▶ [What the task asks]
Reproduce the data exactly as given, except for any images.

▶ [Records from a dataset]
-------
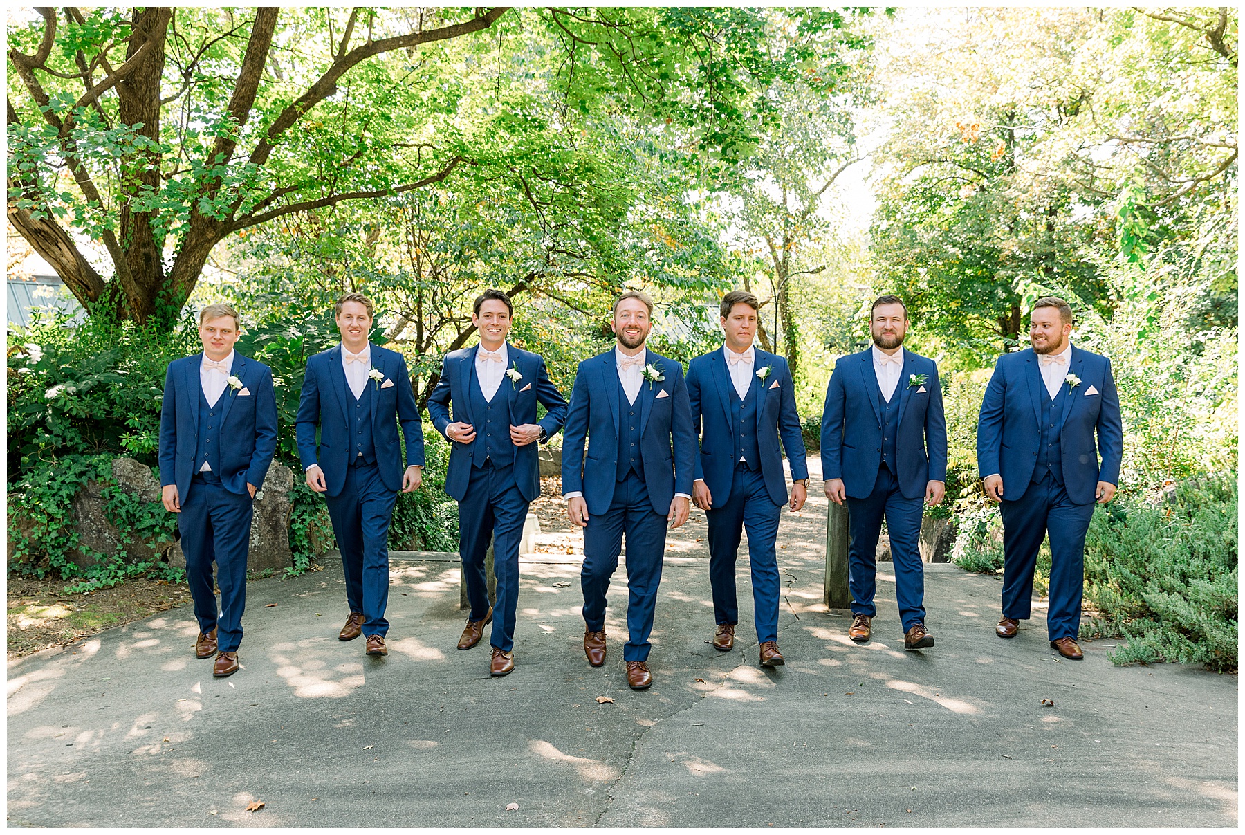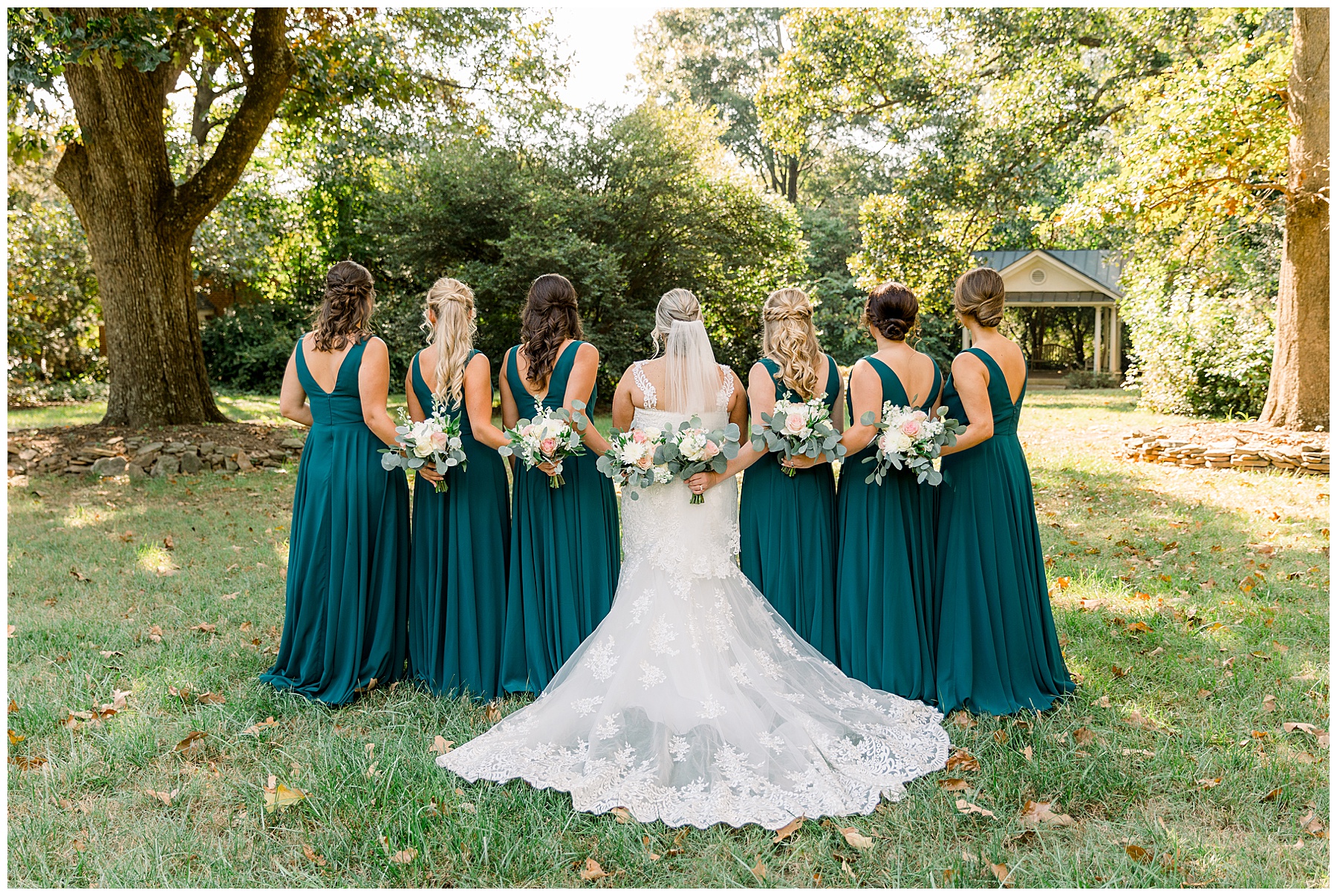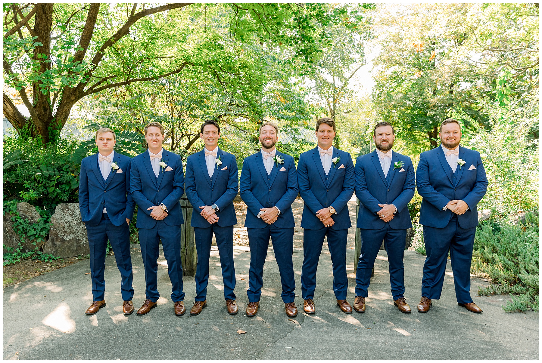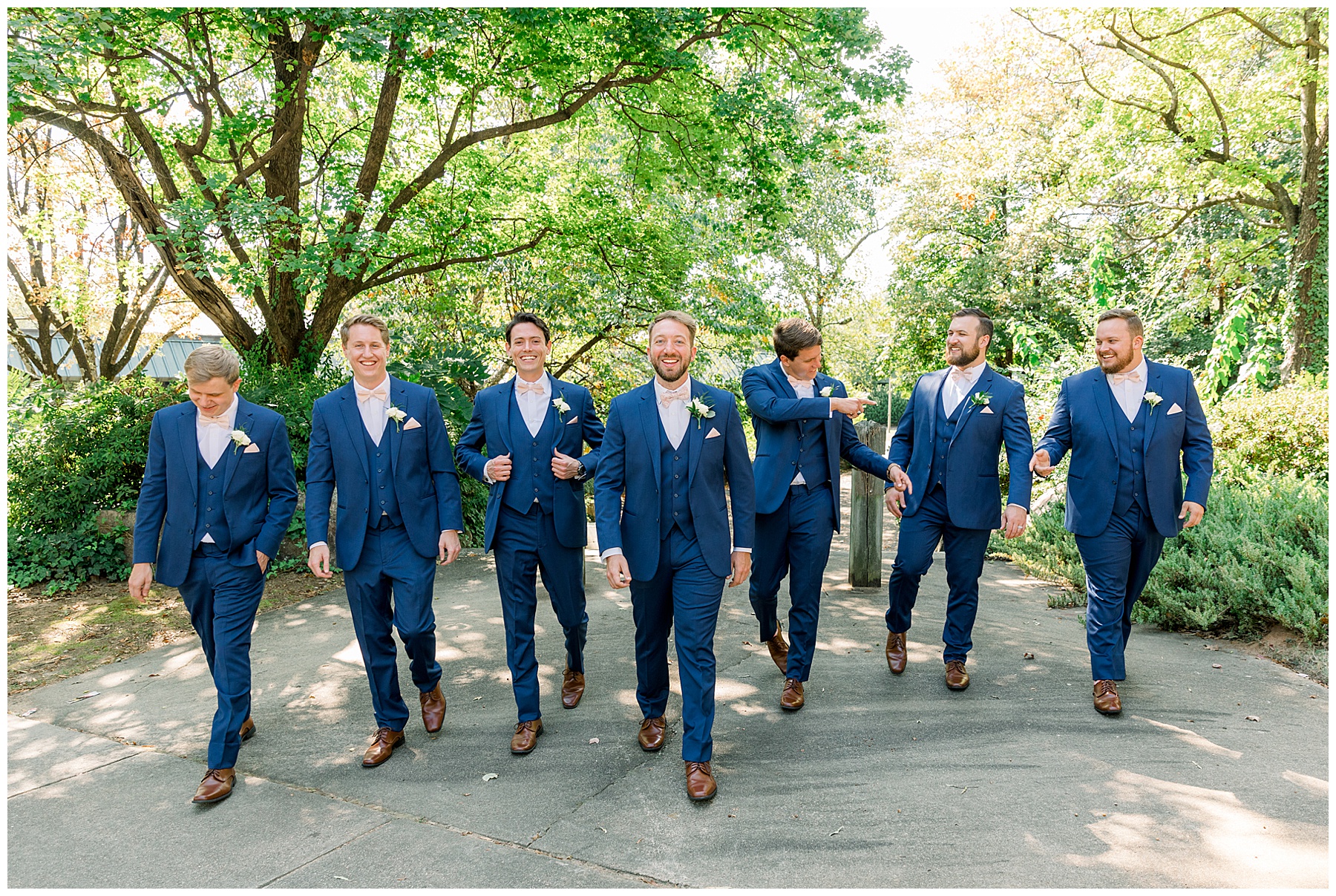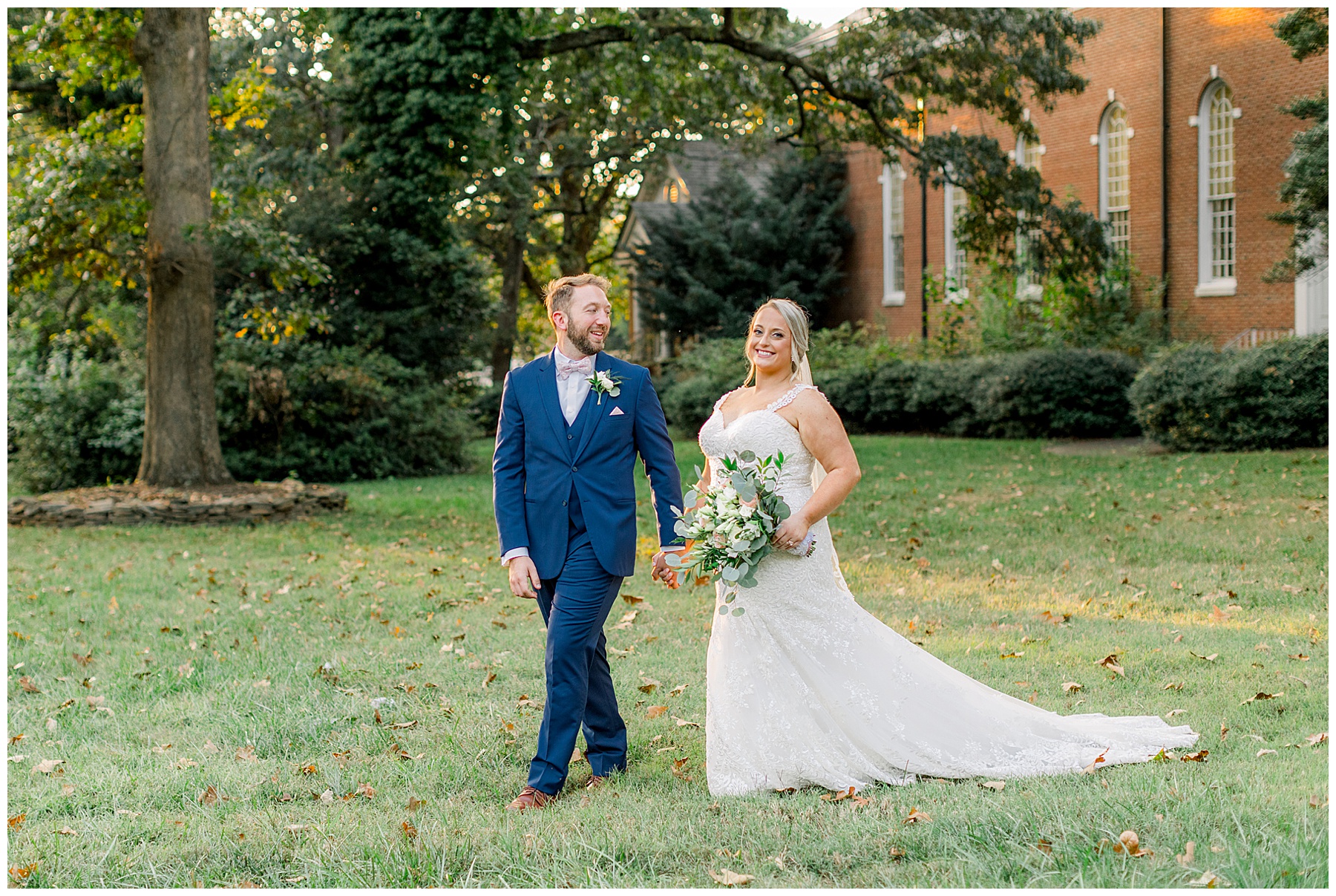 Anna had a First Look with her dad, and he’s just precious! His laugh is contagious, and they shared an emotional moment together on the cobblestones. After that, we all headed to Meredith College for the ceremony, and the ceremony was Christ-centered and such a testimony of their faith. I loved hearing how much work Matthew and Anna have put into pre-marital counseling and preparing for their marriage, to start off their life in such an important way. After the ceremony, we photographed their portraits with the prettiest backdrop of ivy-covered trees that were just MAGICAL and I loved that little light-soaked spot!
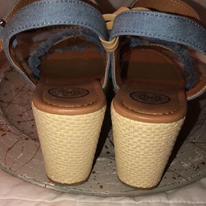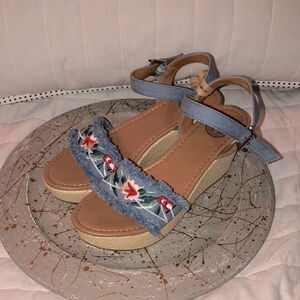 So 7.5 Ice Fish Embroidered Denim Wedge Sandals
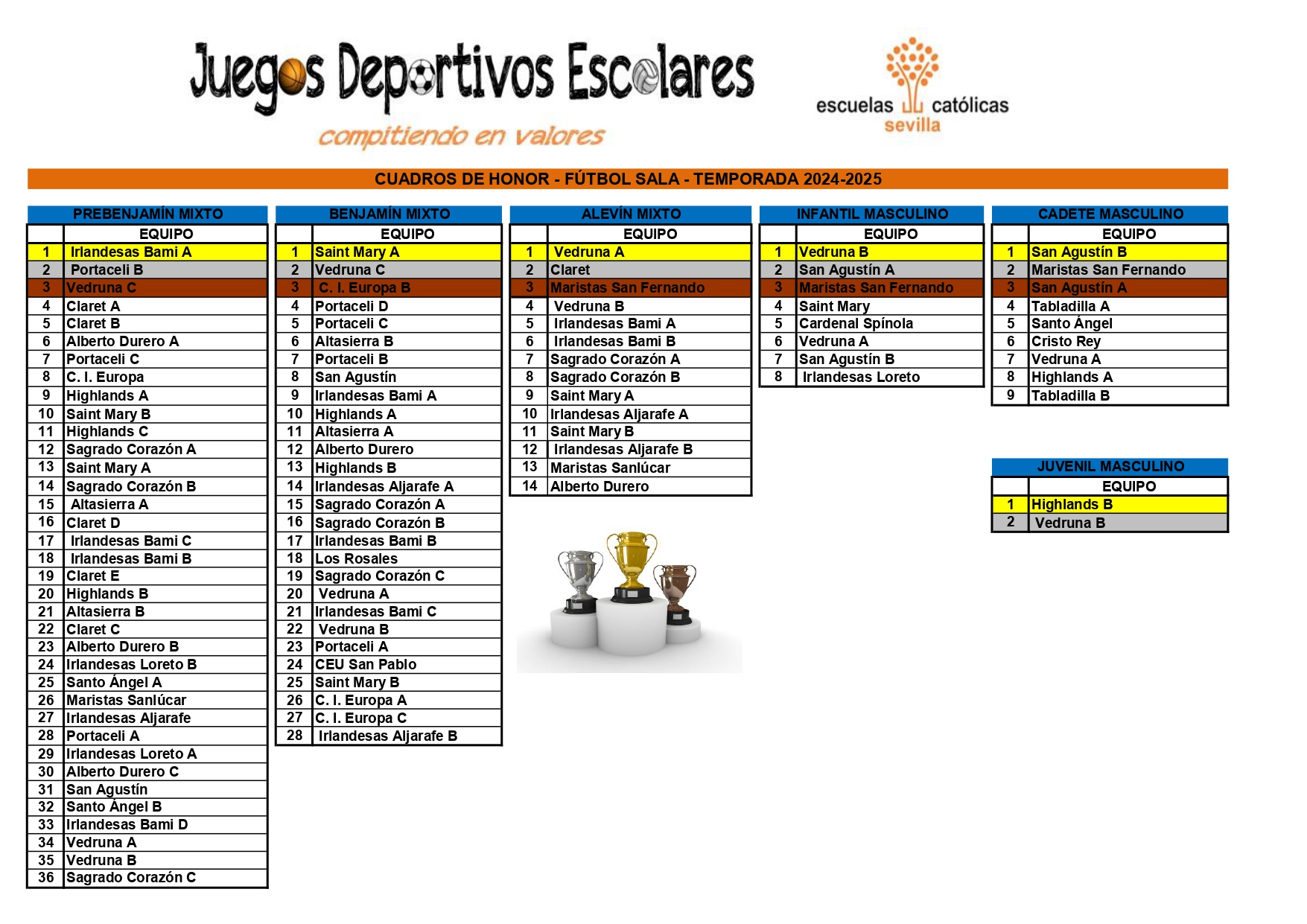 A continuación, podéis consultar el cuadro de honor de la competición de fútbol sala:
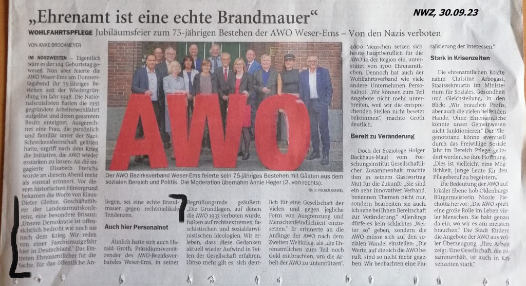 NWZ, 30.09.23. Mittlerweile nutze ich öffentliche Auftritte wie hier als Festredner zum 75jährigen Jubiläum der Wiedergründung der AWO Weser-Ems zur Warnung vor dem Wiedererstarken des Faschismus in Deutschland. Insofern fallen privater Blog und Öffentliches zusammen. Die AWO, die sich übrigens in ihrem Grundsatzprogramm den Idealen des Sozialismus verpflichtet, hat in der Geschichte die Erfahrung gemacht, was Faschismus bedeutet: Sie wurde von den Nazis verboten. Welche Lehren die AWO, und andere Verbände und Organisationen der Zivilgesellschaft, im Ernsteren der Fälle daraus zieht, bleibt abzuwarten.
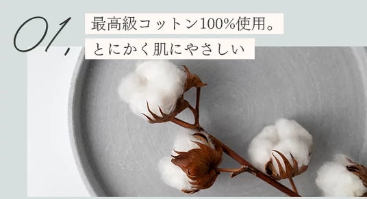 一般的な綿の約半分の細さを誇る超極細繊維が、なめらかで毛羽立ちにくく、デリケートな肌にもやさしく寄り添います。
-------
▶ [Answer for the task]
 Anna had a First Look with her dad, and he’s just precious! His laugh is contagious, and they shared an emotional moment together on the cobblestones. After that, we all headed to Meredith College for the ceremony, and the ceremony was Christ-centered and such a testimony of their faith. I loved hearing how much work Matthew and Anna have put into pre-marital counseling and preparing for their marriage, to start off their life in such an important way. After the ceremony, we photographed their portraits with the prettiest backdrop of ivy-covered trees that were just MAGICAL and I loved that little light-soaked spot!
 So 7.5 Ice Fish Embroidered Denim Wedge Sandals
 A continuación, podéis consultar el cuadro de honor de la competición de fútbol sala:
 NWZ, 30.09.23. Mittlerweile nutze ich öffentliche Auftritte wie hier als Festredner zum 75jährigen Jubiläum der Wiedergründung der AWO Weser-Ems zur Warnung vor dem Wiedererstarken des Faschismus in Deutschland. Insofern fallen privater Blog und Öffentliches zusammen. Die AWO, die sich übrigens in ihrem Grundsatzprogramm den Idealen des Sozialismus verpflichtet, hat in der Geschichte die Erfahrung gemacht, was Faschismus bedeutet: Sie wurde von den Nazis verboten. Welche Lehren die AWO, und andere Verbände und Organisationen der Zivilgesellschaft, im Ernsteren der Fälle daraus zieht, bleibt abzuwarten.
 一般的な綿の約半分の細さを誇る超極細繊維が、なめらかで毛羽立ちにくく、デリケートな肌にもやさしく寄り添います。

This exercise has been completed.